I hope I wasn't too unclear and that someone will have an answer. Thanx everyone! :catsm


----------



## Nero the Sable (Oct 28, 2004)

Sometimes when they are making a new breed of cat - they sometimes mix two breeds together until they can get the same style (that's a bad word) and personality kitten each time.

My cats are Himalayans - Siamese and Persian bred together for the look of a Persian but have the color points of a Siamese.

Himalayans are calm and purr all the time like Persians - but they talk a lot like Siamese cats do.

Pretty much when they breed them together - they are trying to make a new cat and have other people working with them and helping them start a breeding program to get these new cats off the ground.
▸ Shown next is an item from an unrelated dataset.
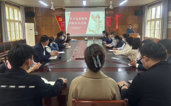 2023年5月23日下午,tyc7111cc太阳成教工党支部在电教楼201会议室开展5月“一月一课一片一实践”主题党日活动。教工支部支书记何斌围绕“学习先进楷模 争做时代先锋”主题带领全体教工党员进行学习。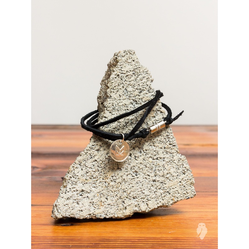 • This multi wrap bracelet from Maple is made using a rugged suede leather. The design features minimal branding with the inclusion of a removable sterling silver charm, and comes finished with a magnetic clasp closure for convenience.

I'm sure someone else can explain it better than I can. :lol:


----------



## coaster (Dec 1, 2004)

To elaborate on that, a mix isn't a purebred until it's recognized as a new breed by an established organization.


----------



## Sol (Feb 20, 2003)

I can only speak for "my" breed, Devon Rex, but we regulary outcross with other breeds in order to expand the genepool and maintain good health of the breed. First of all we have to get permission from out organisation (in my case from SVERAK/FIFé). If we breed a Devon Rex with an European Shorthait the offspring will be registered as a DRX/EUR-cross NOT as a purebred. This is done with other breeds to.


----------



## Kittenofyourheart (Feb 20, 2005)

I m not being rude by saying thi so please dont take this in anyways but sarcastic...... THE ONLY FULL BREED MIX BREED ANIMAL IVE EVR HAD IS CALLED A HEINZ 57......... AND I LOVE EVERY ONE OF EM...!!!!! HE HE HE


----------



## Zalensia (Aug 25, 2003)

heinz 57, only the best


----------



## Jeanie (Jun 18, 2003)

Yes, people do create new breeds. It takes four or five generation of breeding true to the new breed before it is recognized in the US. Proof has to be offered, and strict records submitted to a recognized organization. Then the decision is made. It takes years. Some breeds, such as Munchkins, may be recognized, but a certain percentage of the kittens will have normal legs. I assume this is an exception.

This is not a forum for people to make sarcastic remarks about pure bred animals. If you don't approve of them, please don't post here. It's unkind and disrespectful. This forum is tor the education and discussion of breeding. In fact, I recommend that a sticky be posted to that effect, and that Sol delete or move to review all posts from people who come here to criticize breeders and registered cats.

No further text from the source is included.